Work item: Word for word, restate the lines of the data below between those holding "-Autentica su foto" and "интервью, которое брала", inclusive; pictures do not belong in the copy.

Source data:
====

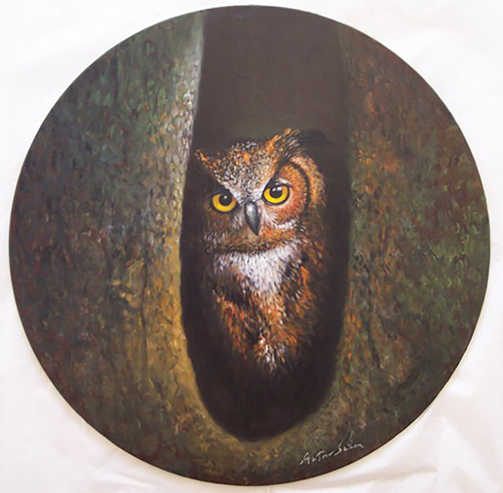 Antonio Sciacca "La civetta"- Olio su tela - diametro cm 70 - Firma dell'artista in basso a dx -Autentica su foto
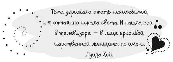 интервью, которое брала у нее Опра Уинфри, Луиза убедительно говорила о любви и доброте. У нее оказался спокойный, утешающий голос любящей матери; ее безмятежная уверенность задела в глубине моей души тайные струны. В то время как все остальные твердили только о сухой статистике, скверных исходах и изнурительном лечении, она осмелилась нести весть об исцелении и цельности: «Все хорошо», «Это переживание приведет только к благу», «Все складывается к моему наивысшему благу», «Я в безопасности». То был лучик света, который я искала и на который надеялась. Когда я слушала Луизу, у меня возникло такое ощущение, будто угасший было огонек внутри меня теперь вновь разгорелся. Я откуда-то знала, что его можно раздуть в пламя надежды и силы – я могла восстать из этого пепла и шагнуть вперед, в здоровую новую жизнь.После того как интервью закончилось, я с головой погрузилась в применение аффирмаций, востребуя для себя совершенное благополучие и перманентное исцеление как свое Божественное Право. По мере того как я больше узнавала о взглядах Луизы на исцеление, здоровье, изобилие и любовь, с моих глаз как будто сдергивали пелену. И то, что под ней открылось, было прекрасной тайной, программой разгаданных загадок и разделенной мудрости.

====

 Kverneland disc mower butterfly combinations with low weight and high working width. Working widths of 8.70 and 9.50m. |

====

Response area:
 Antonio Sciacca "La civetta"- Olio su tela - diametro cm 70 - Firma dell'artista in basso a dx -Autentica su foto
 интервью, которое брала у нее Опра Уинфри, Луиза убедительно говорила о любви и доброте. У нее оказался спокойный, утешающий голос любящей матери; ее безмятежная уверенность задела в глубине моей души тайные струны. В то время как все остальные твердили только о сухой статистике, скверных исходах и изнурительном лечении, она осмелилась нести весть об исцелении и цельности: «Все хорошо», «Это переживание приведет только к благу», «Все складывается к моему наивысшему благу», «Я в безопасности». То был лучик света, который я искала и на который надеялась. Когда я слушала Луизу, у меня возникло такое ощущение, будто угасший было огонек внутри меня теперь вновь разгорелся. Я откуда-то знала, что его можно раздуть в пламя надежды и силы – я могла восстать из этого пепла и шагнуть вперед, в здоровую новую жизнь.После того как интервью закончилось, я с головой погрузилась в применение аффирмаций, востребуя для себя совершенное благополучие и перманентное исцеление как свое Божественное Право. По мере того как я больше узнавала о взглядах Луизы на исцеление, здоровье, изобилие и любовь, с моих глаз как будто сдергивали пелену. И то, что под ней открылось, было прекрасной тайной, программой разгаданных загадок и разделенной мудрости.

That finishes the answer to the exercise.